En algunas ocasiones, el arrendador retiene la fianza con la excusa de que la pintura se encuentra en muy mal estado al cabo de un alquiler de apenas 2 o 3 años, y utiliza el dinero del arrendatario para pagar una nueva pintada del piso, pero ¿Realmente tiene el inquilino que pagar el repintado del piso? ¿Puede el arrendador retener la fianza para pagar esta nueva pintura? Veamos lo que dicen algunas sentencias:

La Audiencia Provincial de Madrid, SAP Madrid de 27 febrero 2015 (EDJ 2015/35332), entiende que no son a cargo del arrendatario las reparaciones necesarias para poder poner el piso nuevamente en alquiler (reparación superficial del suelo de madera, agujeros de cuadros y pintura de paredes), que entrarían dentro del normal “uso y desgaste por el tiempo” de cuyo pago está expresamente exonerado el arrendatario de conformidad con el artículo 1.561 CC. Por tanto, serían reparaciones a cargo del arrendador, quien las llevaría a cabo no por ser necesarias, sino para que el inmueble resulte mas apetecible en un nuevo arrendamiento:

“(…) De ahí que la juzgadora de instancia atendiese a si realmente se había acreditado por la arrendadora que el piso en cuestión, al terminar el contrato, había quedado con desperfectos que rebasasen lo que pudiera ser el desgaste ordinario inherente a la posesión y uso derivado del derecho del inquilino a ocupar la vivienda y por el que abona el precio de la renta. (…)

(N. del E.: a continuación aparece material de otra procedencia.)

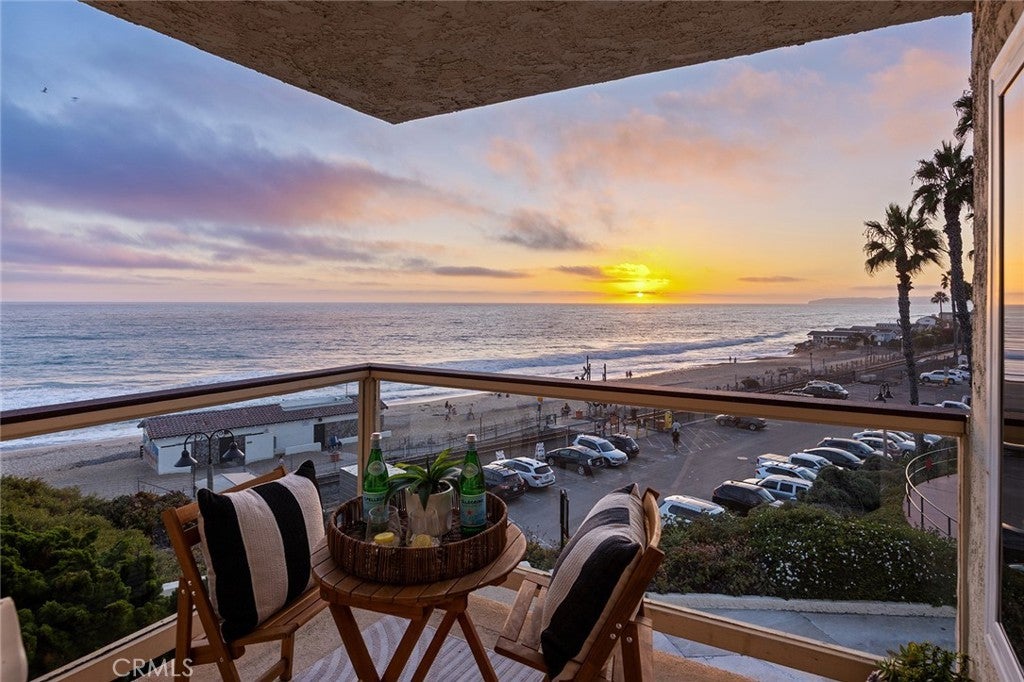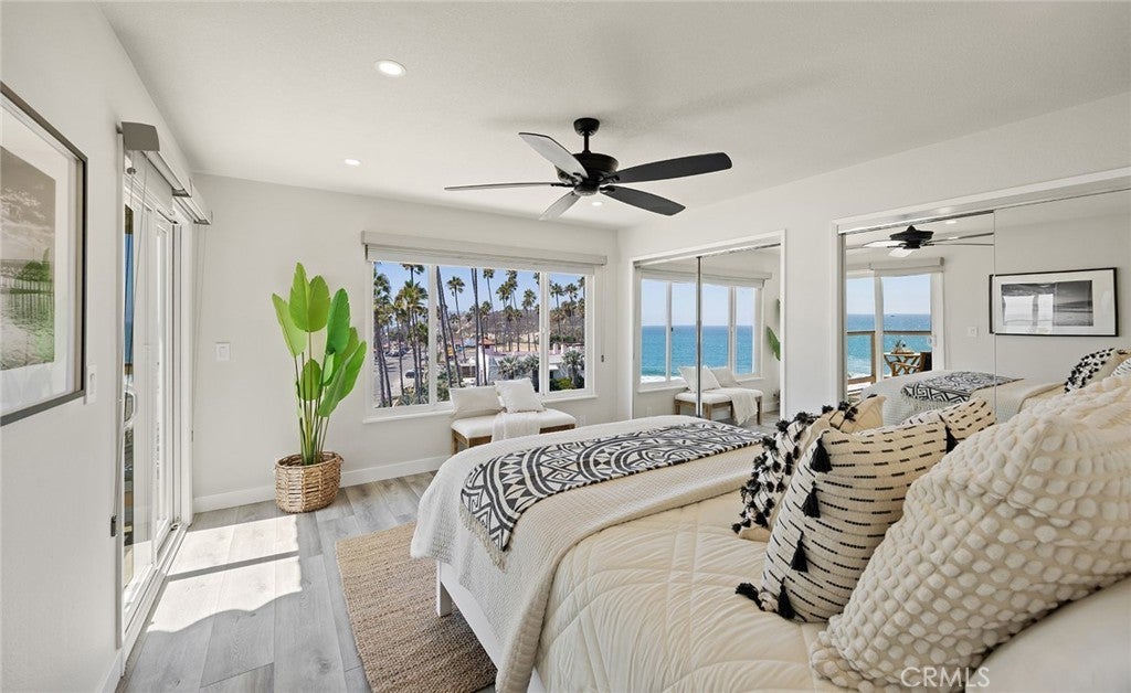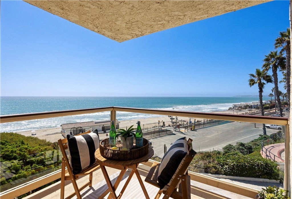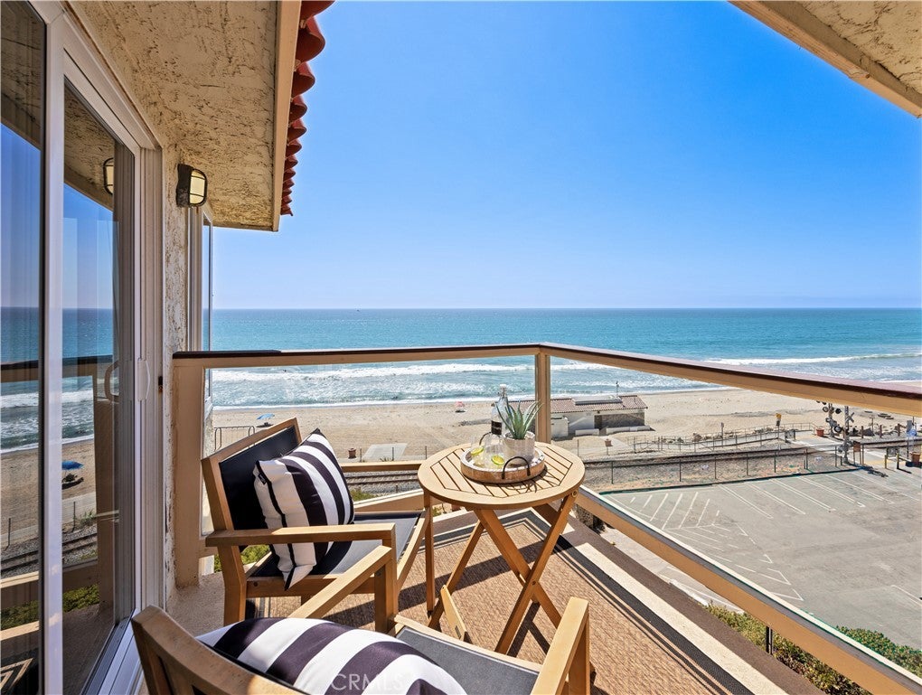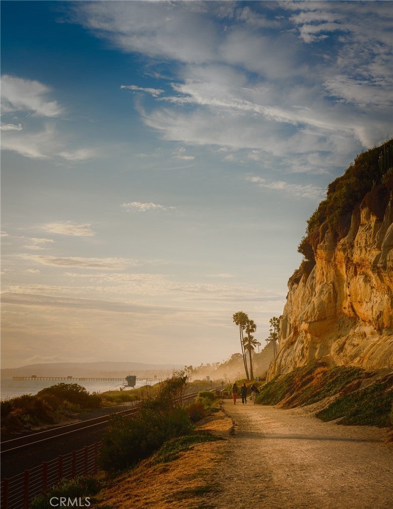 Overlooking the ocean on the most iconic cul-de-sac location just across from the historic Ole Hanson Beach Club, this beachy condo offers incredible views! Reaching the distant Dana Headlands with year-round sunsets, crashing waves below & Catalina / SC Islands between. Elevated high above with 2 private garages, EV charger (only private 2-car garage) & rare parking for 3 in the driveway, the unit is secured by coded privacy gates. Ideally positioned on the front with only one shared wall (no one above or below) nearly every room has a major ocean view. Inside, a light-filled living space with mirrored walls reflects the ocean throughout. Featuring LVP wood-like flooring, glass-pane stair railing, new recessed lighting throughout, wired speakers & shiplap fireplace. An outdoor viewing deck off the living brings the outdoors into this remodeled space. A dedicated dining room with large picture windows flows seamlessly into the lightly-used kitchen. A very dialed-in kitchen offers all-new stainless appliances, newly-added coastal subway tile backsplash, crisp white shaker cabinetry with new hardware, polished Neolith kitchen counters & comfortable bar seating for three. A dedicated laundry room & pantry just off the kitchen accesses the main level powder bath. Upstairs leads to two bedrooms & bathrooms. The guest bathroom has recently been remodeled to create a walk-in shower. The ocean-view guest bedroom features a built-in Murphy bed for optionality & shares a relaxing second-level viewing deck accessed through slider doors on each side. In the primary, large picture windows frame the Pacific while mirrored doors refract the emerald ocean abound. The primary offers his & hers closets, access to the view deck, & a very dialed primary ensuite bathroom with walk-in shower. Newer upgrades include dual pane windows, new custom window treatments (automatic solar shades), recessed lighting throughout, ceiling fans, smooth-coated first level, remodeled guest bathroom, kitchen updates & new stainless appliances, & 2022 water heater, this unit is absolutely turnkey! Easy access to sandy beaches & 2.5 mile beach trail just below, Outlet Mall & Theaters, popular Life Time Fitness & Tennis Club, several great golf courses, world-class surfing, a short walk to the highly-anticipated Miramar Food Hall (opening soon) & nearby trendy restaurants & cafes. For those seeking a laidback beachy lifestyle, this is the opportunity!

Y las tareas llevadas a cabo por algunos operarios por encargo de LUPIALE (y que aparecen reflejadas en las facturas de los folios 312 y 315 de las actuaciones), aún sin restarle veracidad, no responden a un desgaste o deterioro superior al que pudieran derivarse de un uso normal de la vivienda. Una superficial reparación del suelo de madera, la reparación de agujeros de cuadros, la pintura de paramentos, es lo normal que la experiencia dice debe exigirse en un piso que es ofrecido – de nuevo- en alquiler para vivienda.

No se aprecia, pues, error alguno en la valoración de la prueba ni en la interpretación del contrato en la sentencia de instancia. Y por ello el recurso debe ser desestimado y la sentencia confirmada.”

De forma parecida, SAP Las Palmas de 26 noviembre 2014 (EDJ 2014/269352), desglosa las cantidades reclamadas al arrendatario, determinando en función de los casos en qué medida puede corresponderle y considera que el arrendador no puede repercutir al arrendatario gastos que per se eran necesarios (como la pintura), si bien obliga al arrendatario a participar en su precio como consecuencia de la manifiesta falta de cuidado. Por tanto, ni tan siquiera en un caso flagrante, como es la existencia de grafitti en las paredes de las habitaciones conllevarían la obligación del arrendatario de abonar los gastos de pintado del piso.

“(…) Entiende la Sala que tras un periodo de cuatro años de arrendamiento de una vivienda los gastos necesarios para su acondicionamiento encaminado a un nuevo alquiler, más exigente que una reparación ordinaria, no han de ser asumidos por el arrendatario. Es tanto recomendable como habitual que a la finalización de un contrato locaticio por la propiedad se haga un “lavado de cara” del inmueble destinado al tráfico arrendaticio con los consiguientes pintado de paramentos y renovación de muebles y enseres que se deterioren por el mero uso. Y, para el caso de que se pretenda repercutir el daño en el inquilino, ha de tenerse en cuenta que si se ha de renovar alguno de ellos ha de aplicarse al precio nuevo la ratio de la depreciación del sustituido, de modo que no pueda comportar un enriquecimiento el sustituir un mueble o electrodoméstico usado por uno nuevo.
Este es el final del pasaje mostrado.